Persistencia de Juan Genovés: del hombre-masa a la multitud

4–6 minutos

de lectura

Hace un par de años fuimos a ver la exposición de Juan Genovés (Valencia, 1930-2020) que se presentó en la Fundación Bancaja, en Valencia. “Una pintura de gente pequeña”, según la imagen incierta que tiempo atrás me había hecho de su obra. La inmersión en su trabajo no solo me revelaría la evolución de su técnica, sino también la sorprendente pertinencia de su arte para abordar la condición humana en tiempos de cambio.

Al entrar en las salas comenzaron a configurarse tres momentos en su pintura: en la primera etapa, la de los años sesenta, Genovés hace un presentación de la «masa». Sus figuras son puntos diminutos en fondos grises, que apenas se distinguen entre sí. Esta atmósfera monocromática y opresiva, casi como un espacio sin aire ni salida, es un reflejo potente del ambiente social y político de la dictadura. Son los años de los individuos desdibujados en un colectivo anónimo que se mueve, casi siempre, impulsado por una fuerza exterior. Se intuyen gestos de huida, carreras que no van a ningún lado, una urgencia que no logra concretarse.
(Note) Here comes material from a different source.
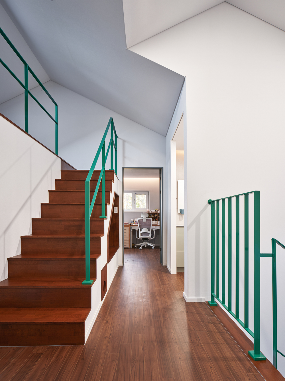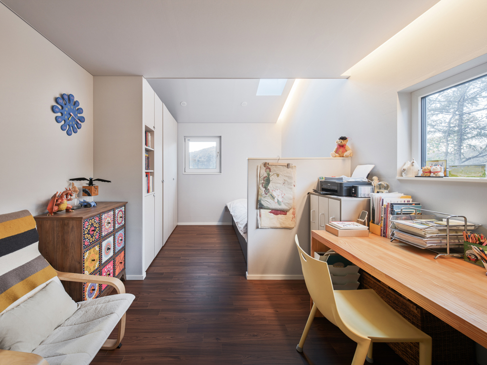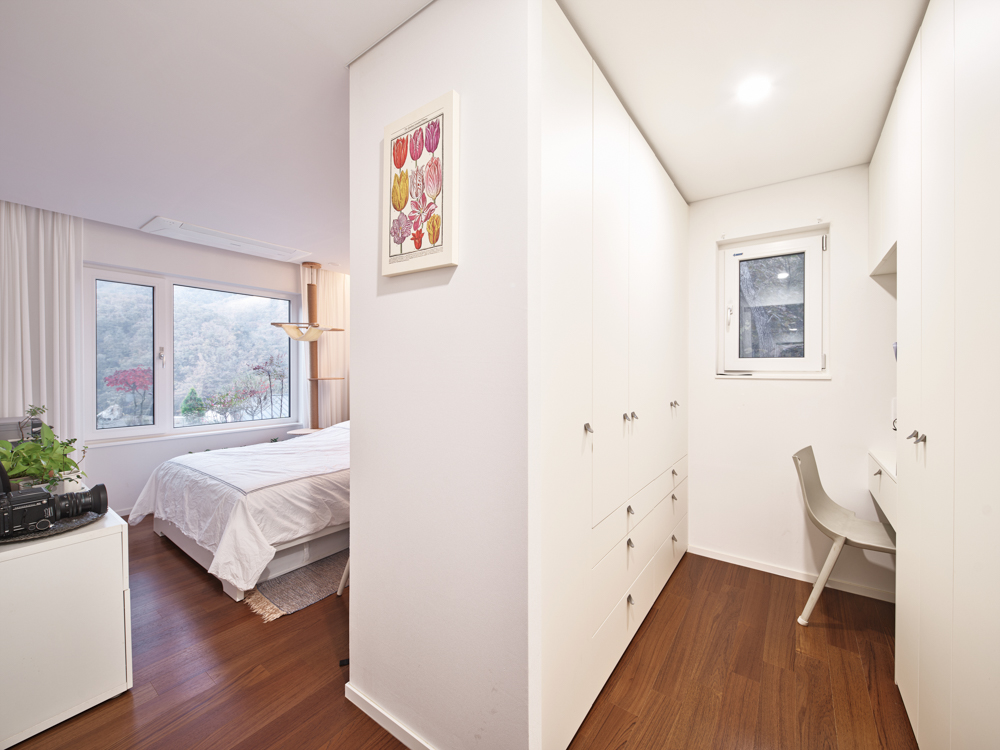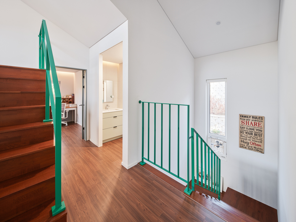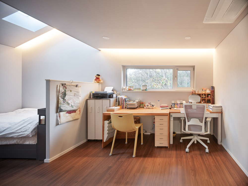 자녀들의 생활공간인 2층의 경우, 두 자녀가 각자 바라는 독립적인 공간을 위해 ‘방 안의 방’을 계획했지만 건물 규모의 한계로 온전히 독립된 숨은 방을 구획하는 덴 어려움이 따랐다. 이를 대신하여 평천장과 경사천장을 혼용해 공간감의 차이로 영역을 구분해 주었다. 밤마다 하늘을 바라보며 잠들 수 있는 공간을 원했던 딸의 공간에는 침대 자리 바로 위에 천창을 내었다.

En el segundo momento, el de los setenta, las figuritas aumentan su tamaño, pasan de ser individuos para volverse «personas» con cuerpos y vestimentas más definidos y visibles. Las composiciones se vuelven más complejas y envolventes. Las personas que Genovés pinta están ahora reunidas en una búsqueda de dirección común. Este es el tiempo del «pueblo», un colectivo que se organiza, que busca su voz y su lugar en el mundo. Es una etapa llena de preguntas y expectativas por el futuro. Los personajes se tocan, se abrazan; hay una mujer que incluso alarga sus brazos al vacío, como si buscara asir un lugar lejano o un tiempo perdido.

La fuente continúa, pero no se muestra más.